March 3-10 is National Sleep Awareness Week

Research indicates that 50 to 70 million Americans suffer from some form of a sleep disorder and billions of dollars are being spent to address this problem.

March 3-10 is the National Sleep Foundation’s annual “Sleep Awareness Week.” This campaign celebrates the benefits of sleep. Most of us understand the importance of getting a good night’s sleep, especially when we experience the after effects often associated with little or no sleep; fatigue, bad mood, lack of focus, etc. However, most people don’t know that there is research that reveals lack of sleep, on a regular basis, may have long term health consequences including serious chronic medical conditions such as diabetes, high blood pressure and heart disease.

The National Institute of Health reports that 50 to 70 million Americans suffer from chronic sleep disorders and intermittent sleep problems. A recent report from the Institute of Medicine estimates that “hundreds of billions of dollars are spent on direct medical costs related to sleep disorders such as doctor visits, hospital services, prescriptions and over the counter medications.”

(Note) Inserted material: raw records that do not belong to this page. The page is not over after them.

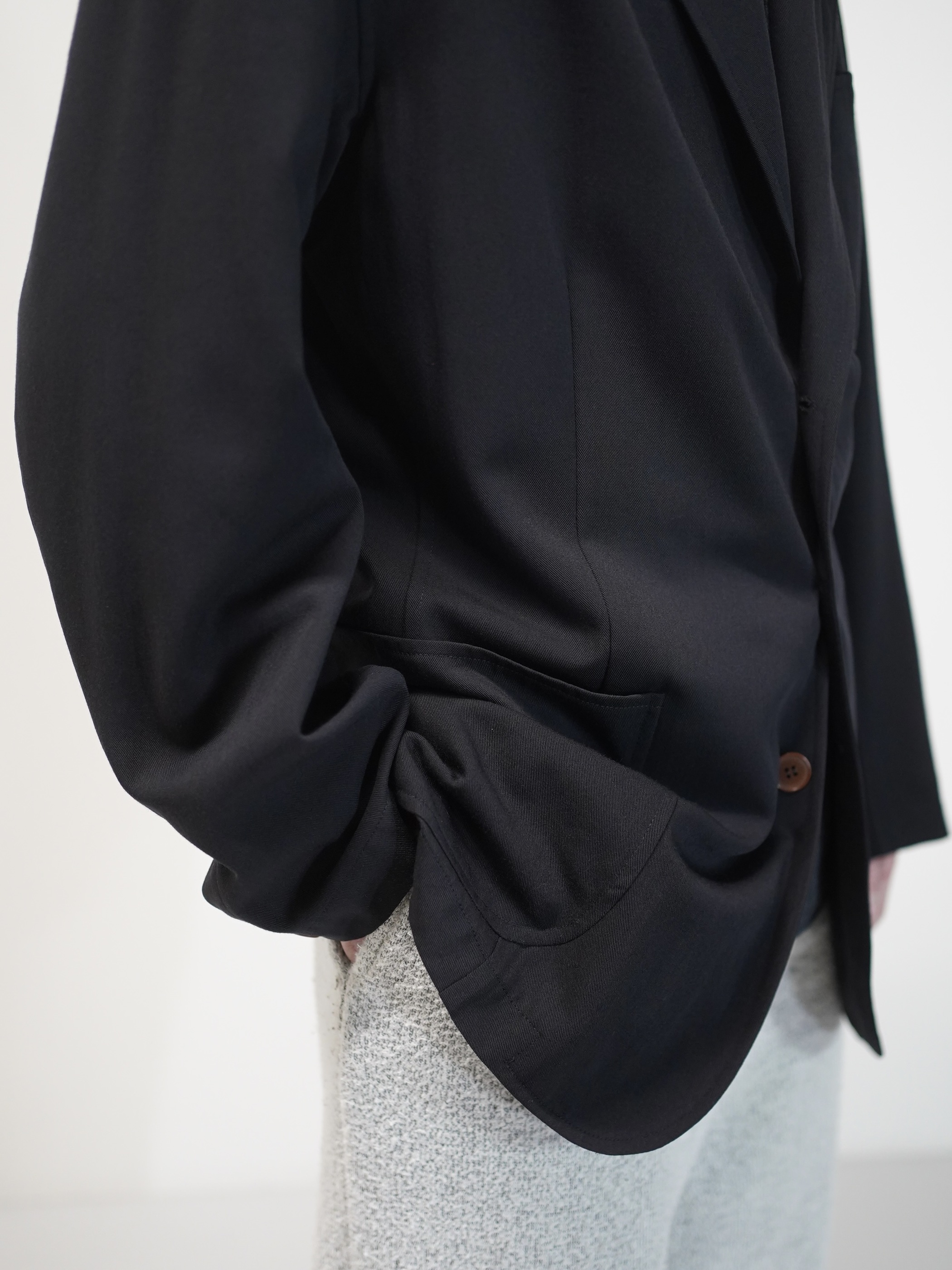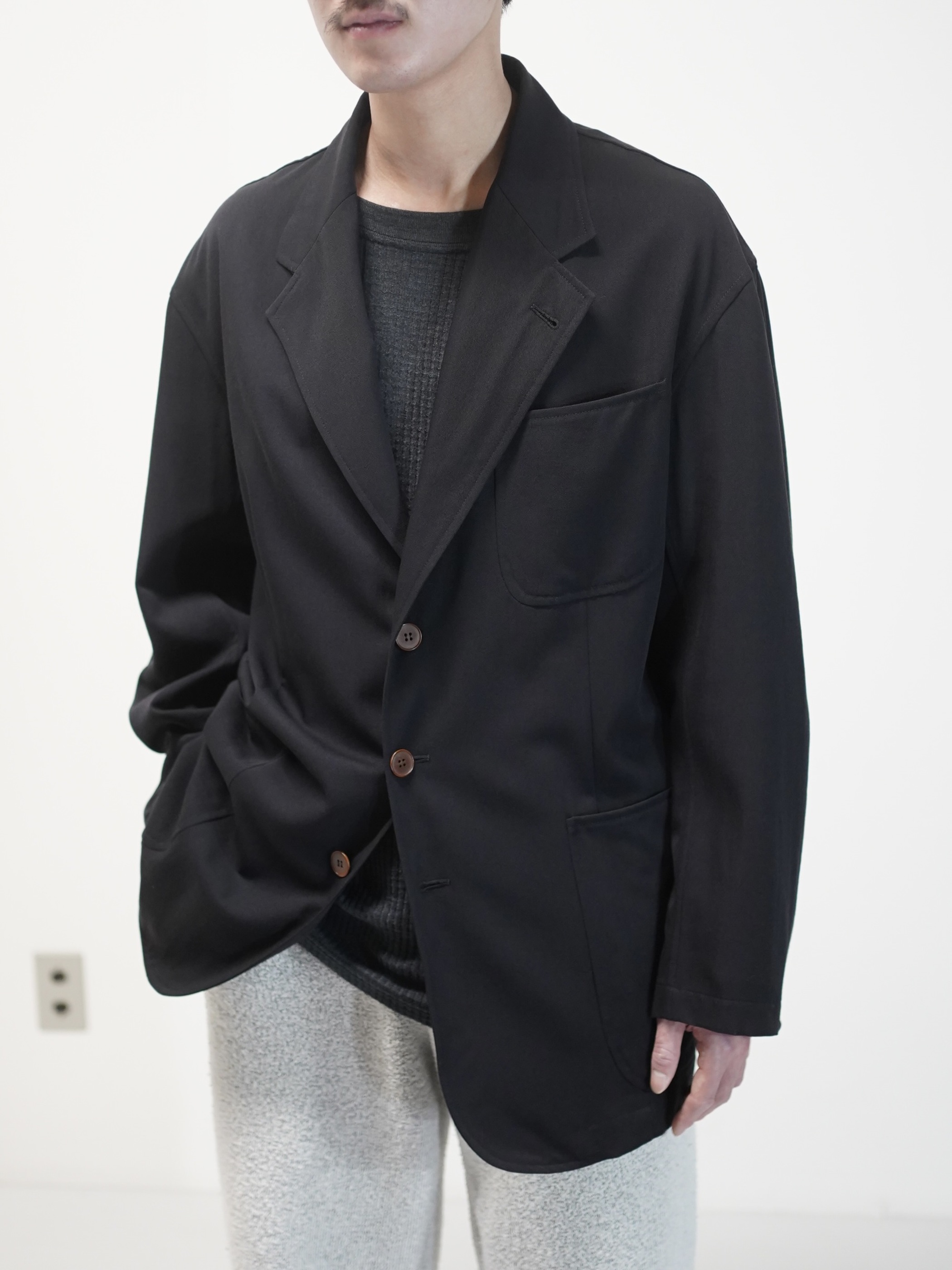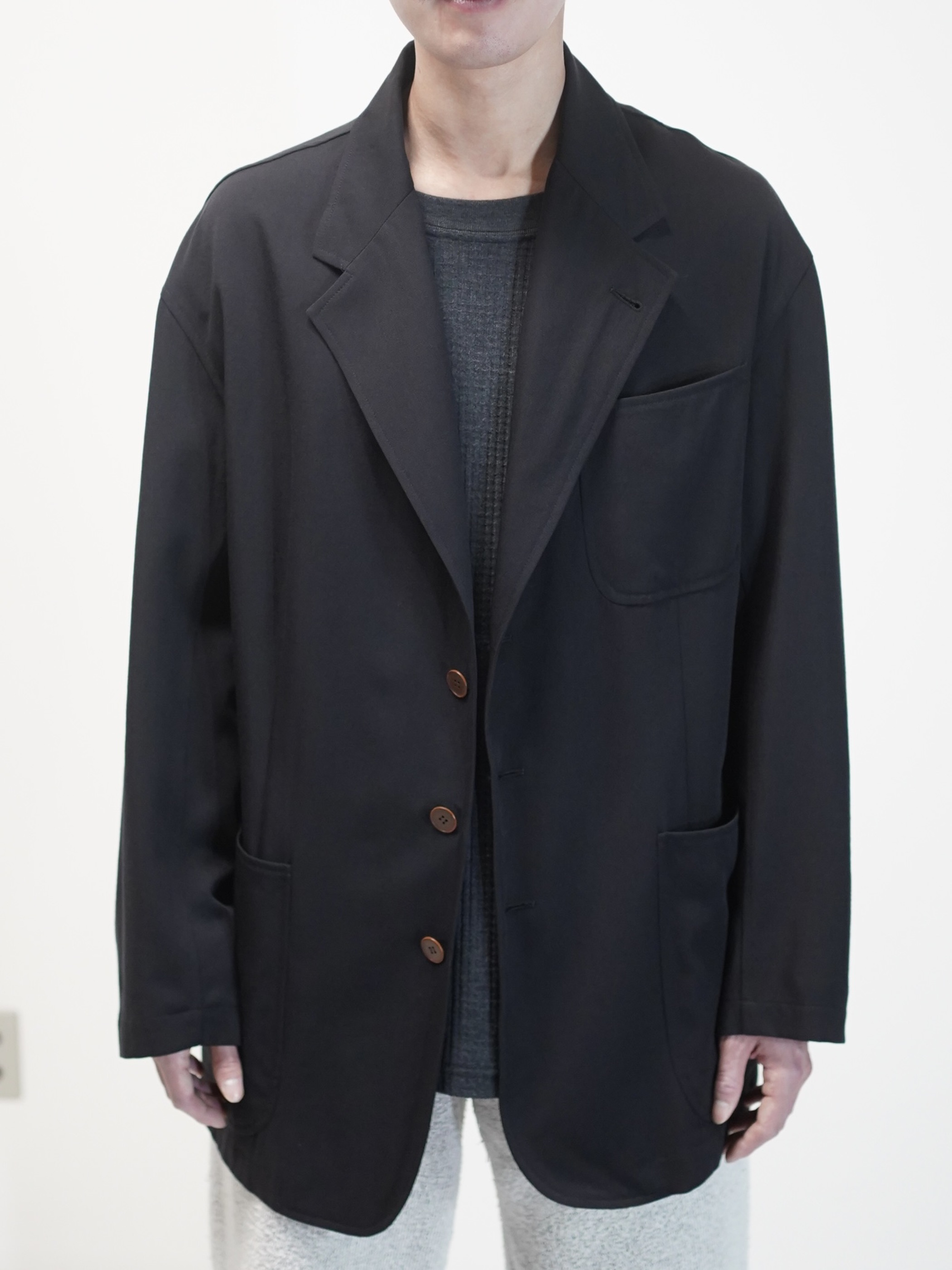 テーラードと名付けましたが、3B・パッチポケット・やや長めの着丈。
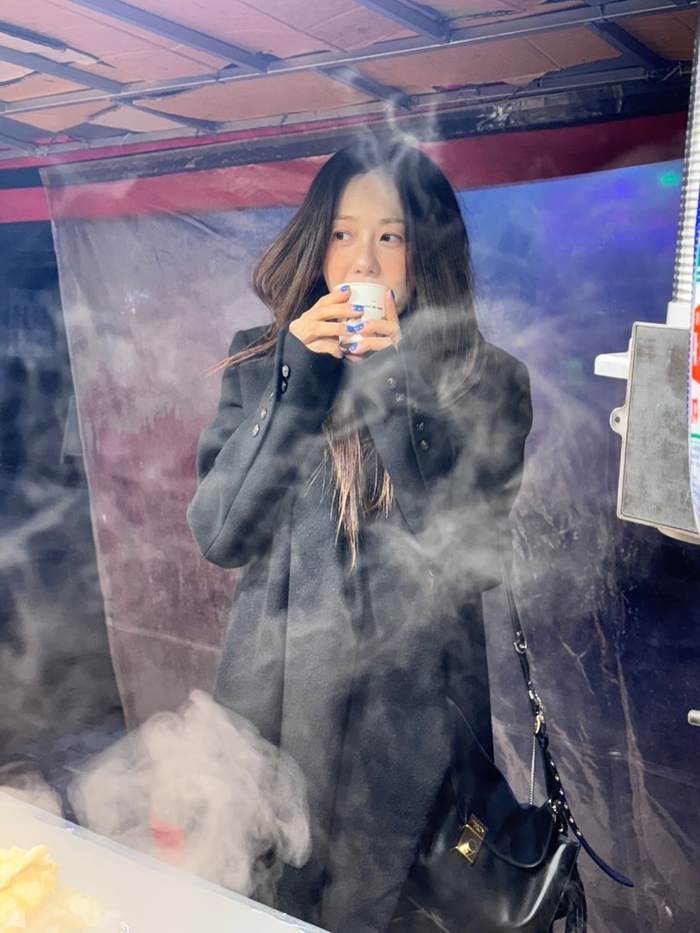 고현정은 화장기 없는 수수한 얼굴임에도 불구하고 투명한 피부와 특유의 우아한 분위기는 숨길 수 없었다. 고현정은 김이 모락모락 피어오르는 종이컵을 두 손으로 감싸 쥐고 어묵 국물을 들이키며 행복한 미소를 지어 보였다.
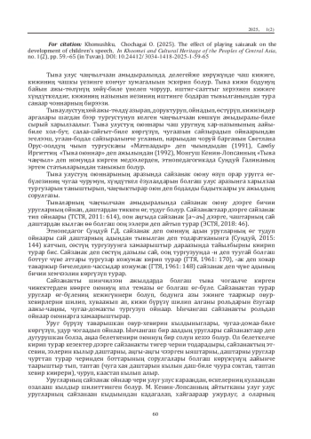 4. Мендот Эл. Э., Мендот И. Э., Мендот Эм. Э., Монгуш В. Б. Игра «Сайзанак» детей кочевого народа // Педагогико-психологические и медико-биологические проблемы физической культуры и спорта. 2022. № 17(2). С. 154–160. DOI: 10.14526/2070-4798-2022-17-2-154-160 EDN: GKQWRK
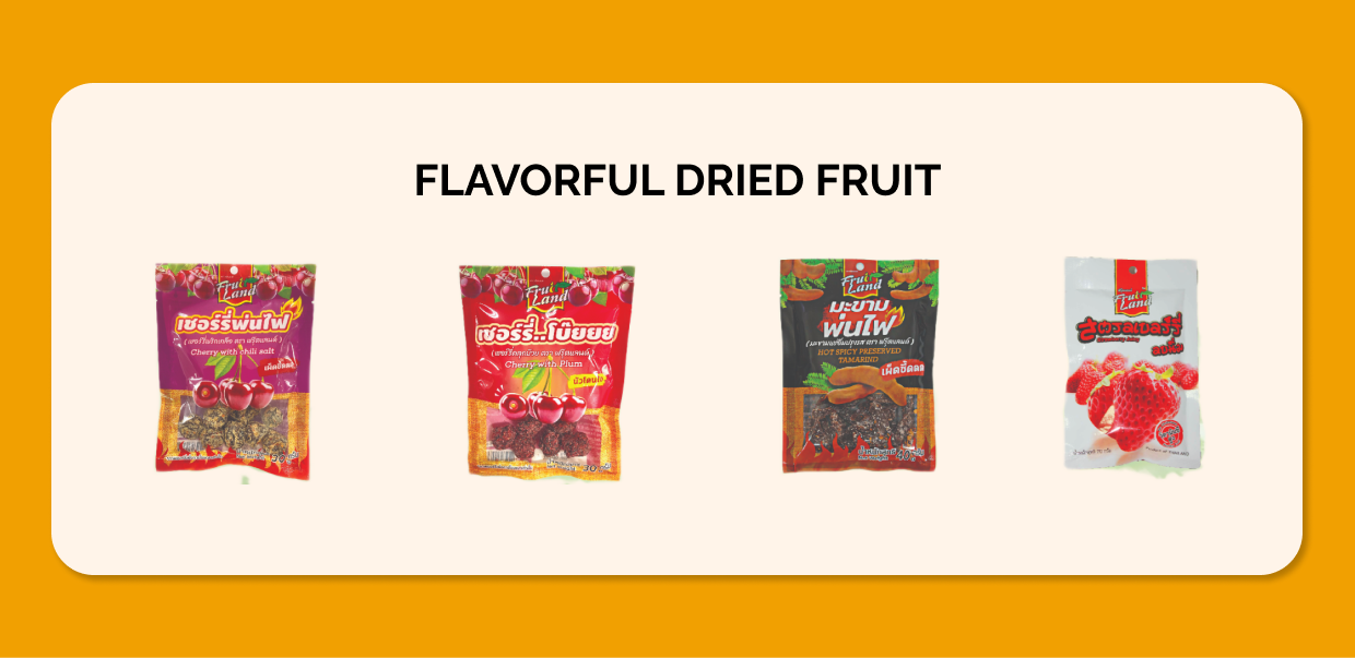 Experience our high-quality dried and processed fruits in a variety of delicious options! From mangoes, tamarind, and durian to strawberry, orange, coconut, passion fruit, and more taste the best of our fruit selection in every bite!
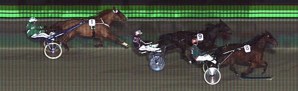 AMIRAAL VICTOR: Prässäsi 1. takasuoralla johtavan rinnalta keulaan, kamppaili kovassa lopetuksessa kolmen hevosen rintamassa toiseksi.
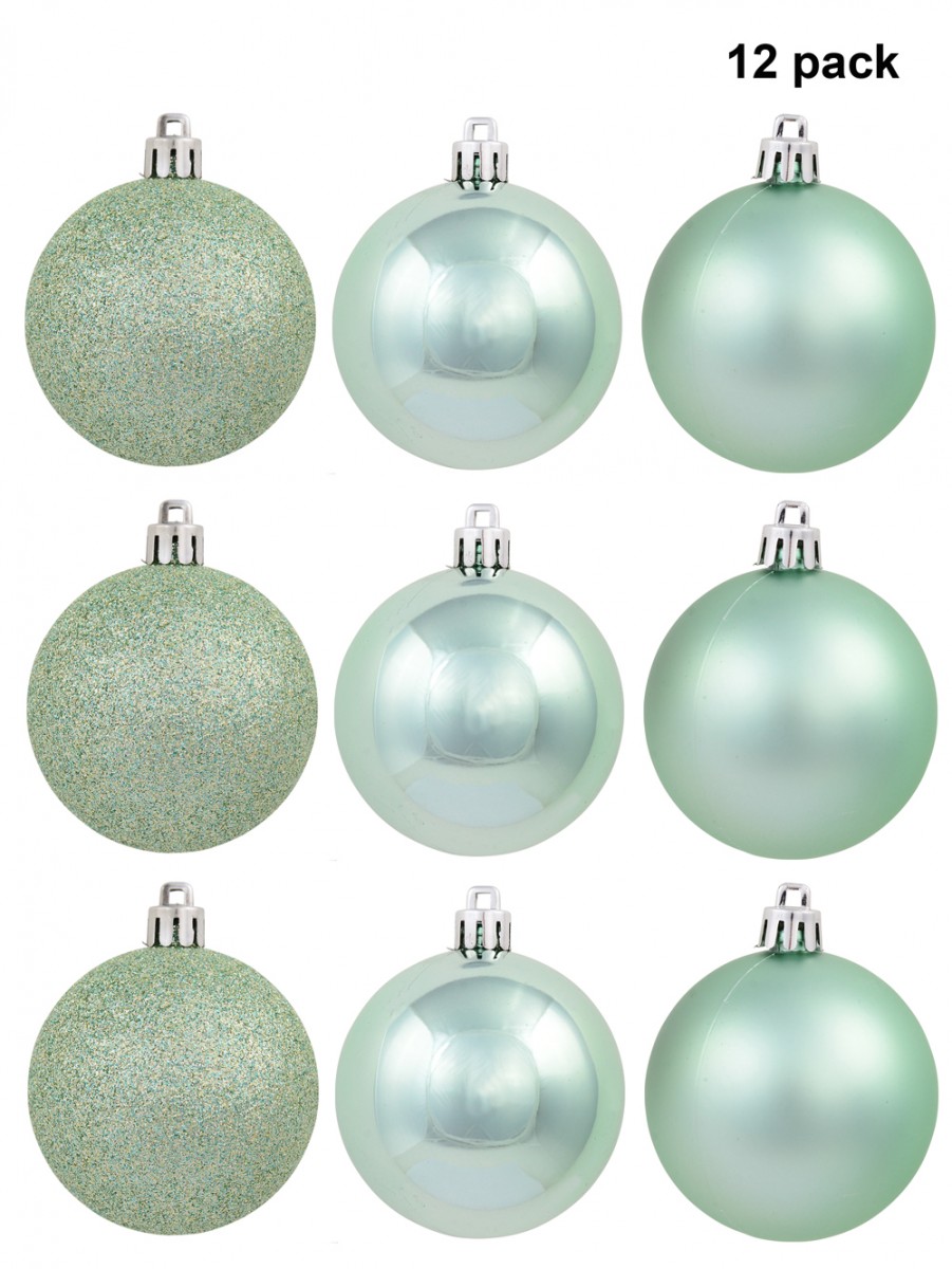 The Mint Green Matte, Glitter & Shiny Baubles is an assortment of three differently designed Christmas baubles. These exquisitely appealing colourful baubles are packaged as a dozen in every pack with each pack containing four of each of the three decoratively designed baubles. The first of the baubles is hued in matte green palette with the aim of adding a cool look to your Christmas decoration. The second is coloured in Glittered green with occasional blue glitters with the aim of adding a sparkling look to your Christmas decoration. Finally, the third design of this pack of 12 baubles features a spherical bauble with a shiny, glossy, soft green surface designed to fit right in with your Christmas tree.
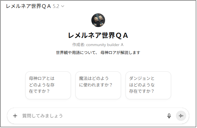 ・画面下部の「質問してみましょう」に入力すると、母神ロアがレメルネアの世界について話してくれます
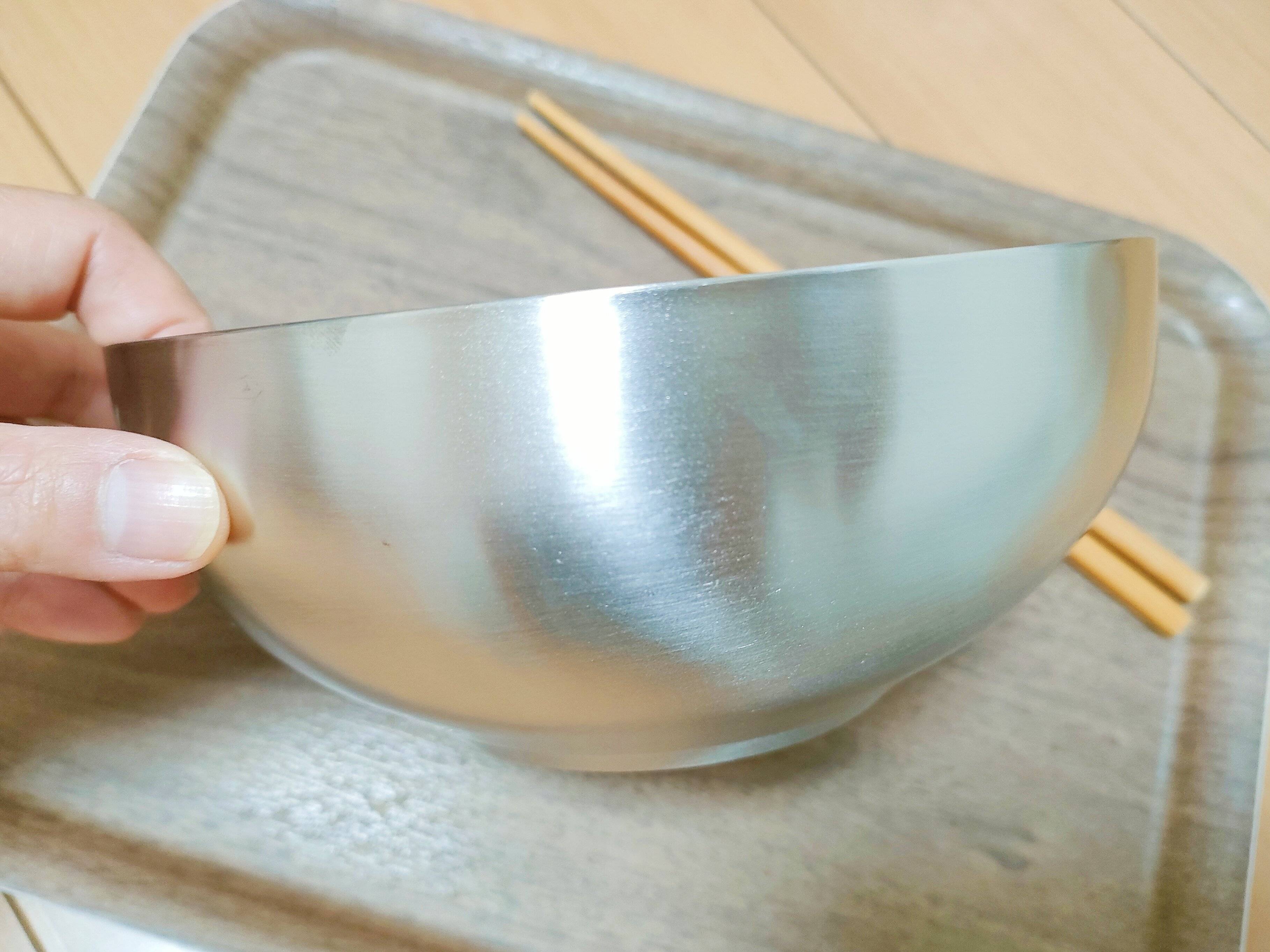 材質はステンレスで、サイズは直径約17.5cm。1人分のどんぶりサイズです。
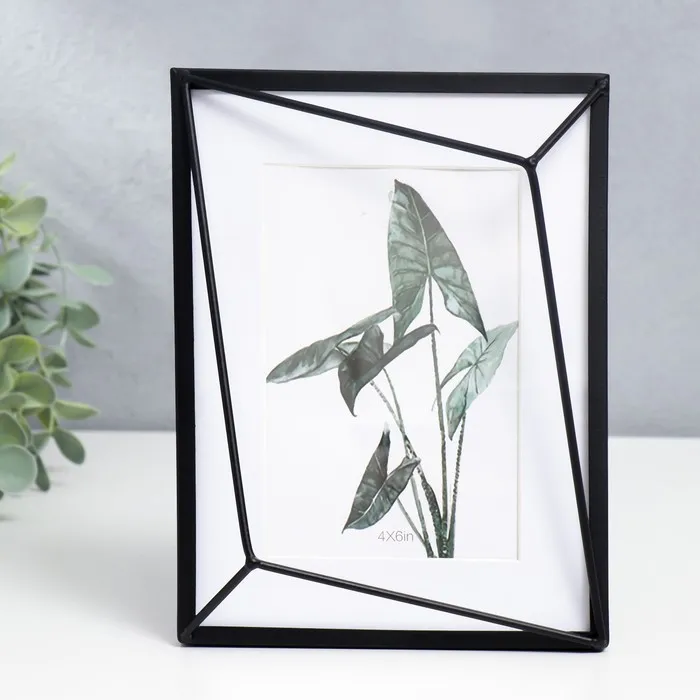 Фоторамка металл на 1 фото 10х15 см "Лофт. Преломление углов" чёрная, паспарту 20х15х3 см

Michigan State University Extension says that if you think you’re suffering from a sleep disorder, you may want to consider getting a medical sleep evaluation. The National Sleep Foundation provides the following questions to help determine if your sleep should be evaluated:

  • Do you regularly have difficulty getting to sleep or staying asleep?
  • Do people tell you that you snore? Has anyone ever told you that you have pauses in breathing or that you gasp for breath when you sleep?
  • Are your legs “active” at night? Do you experience tingling, creeping, itching, pulling, aching or other strange feelings in your legs while sitting or lying down that cause a strong urge to move, walk or kick your legs for relief?
  • Are you so tired when you wake up in the morning that you cannot function normally during the day?
  • Does sleepiness and fatigue persist for more than two to three weeks?

If you answered yes to any of the above questions, you should talk with your physician to determine next steps. Your doctor may ask you to track your sleep patterns and provide a list of medications you are taking before your visit.